The first two variables are the Sonatype credentials we created earlier; these are used to authenticate to Sonatype to publish snapshots and release artifacts to central. The last two are for the GPG key we’ll be using to sign the artifacts we publish to Maven central.  Setting up GPG keys and using them to sign artifacts is outside the scope of this post; Sonatype has documented how to set up your GPG key here, and how to use it to sign your Maven artifacts here.

Next we need to set up our GPG key.  To sign our artifacts in a Travis build, we need the GPG key available.  Again, set this up by having Travis encrypt the entire file:

travis encrypt-file .travis/gpg.asc --add

In this case, gpg.asc is the gpg key you want to use to sign artifacts.  This will create .travis/gpg.asc.enc — commit this file, but do not commit gpg.asc.   

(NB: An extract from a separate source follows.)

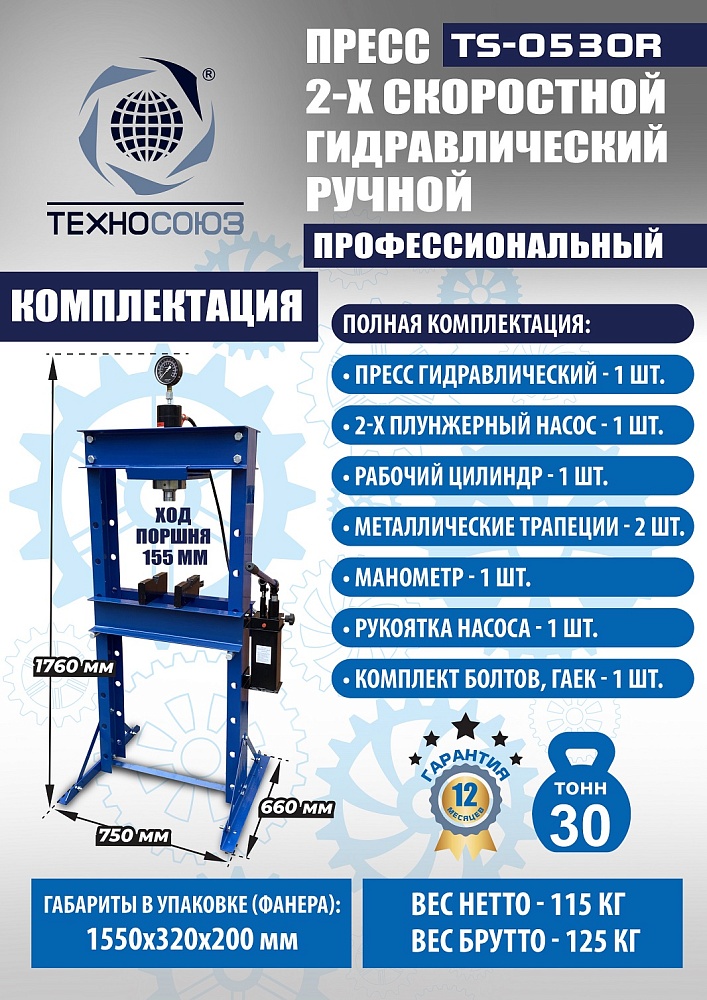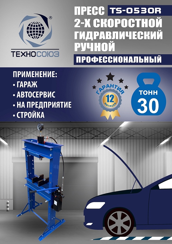 Гидравлический пресс 20 тонн ручной TS-0520R: точность и мощь для гаража

Travis will have added a block to .travis.yml that looks something like this:

before_deploy:
- openssl aes-256-cbc -K $encrypted_f094dd62560a_key -iv $encrypted_f094dd62560a_iv -in .travis/gpg.asc.enc -out .travis/gpg.asc -d

Travis defaults to “before_install”, but in this case we don’t need gpg.asc available until the artifact is deployed.

deploy:
-
  skip_cleanup: true
  provider: script
  script: ./deploy
  on:
    branch: master
-
  skip_cleanup: true
  provider: script
  script: ./deploy
  on:
    tags: true

Here we actually set up the artifact to deploy (the whole point of this exercise).  We tell Travis to deploy the artifact under two circumstances: first, for any commit to master; second, if there were tags pushed.  We’ll use the distinction between the two later.  

deploy

The deploy script handles the actual deployment. After a bit of input validation, we get to the important parts:

gpg --fast-import .travis/gpg.asc

This imports the gpg key we decrypted earlier — we need to use this to sign artifacts.

if [ ! -z "$TRAVIS_TAG" ]
then
    echo "on a tag -> set pom.xml <version> to $TRAVIS_TAG"
    mvn --settings "${TRAVIS_BUILD_DIR}/.travis/mvn-settings.xml" org.codehaus.mojo:versions-maven-plugin:2.1:set -DnewVersion=$TRAVIS_TAG 1>/dev/null 2>/dev/null
else
    echo "not on a tag -> keep snapshot version in pom.xml"
fi

This is the important part for eliminating commit clutter.  Whenever a tag is pushed — aka, whenever $TRAVIS_TAG exists — we use the versions-maven-plugin to temporarily set the project’s version to that tag. Specifically, 

$ git tag 1.23
$ git push origin 1.23

The committed artifact version in pom.xml doesn’t change. It doesn’t matter what the version is in pom.xml in master — we want to publish this version as 1.23.

mvn deploy -P publish -DskipTests=true --settings "${TRAVIS_BUILD_DIR}/.travis/mvn-settings.xml"

Last but not least, the actual deploy.  Since we configured our distributionManagement section above with different snapshot and release repositories, we don’t need to think about the version anymore — if it’s still SNAPSHOT (like in the pom), it goes to Sonatype; if we pushed a release tag, it’s headed for central.

That’s it!

Before this setup, I was never really happy with my process for cutting a release and getting artifacts into Maven Central — the auto-generated git commits cluttered the history and it was too easy for a release to fail halfway.  With this process, it’s almost impossible for me to mess up a release. 

Hopefully this writeup helps a few people skip the trial-and-error part of getting OSS Java artifacts released. Let me know if I missed anything, or there’s a way to make this even simpler.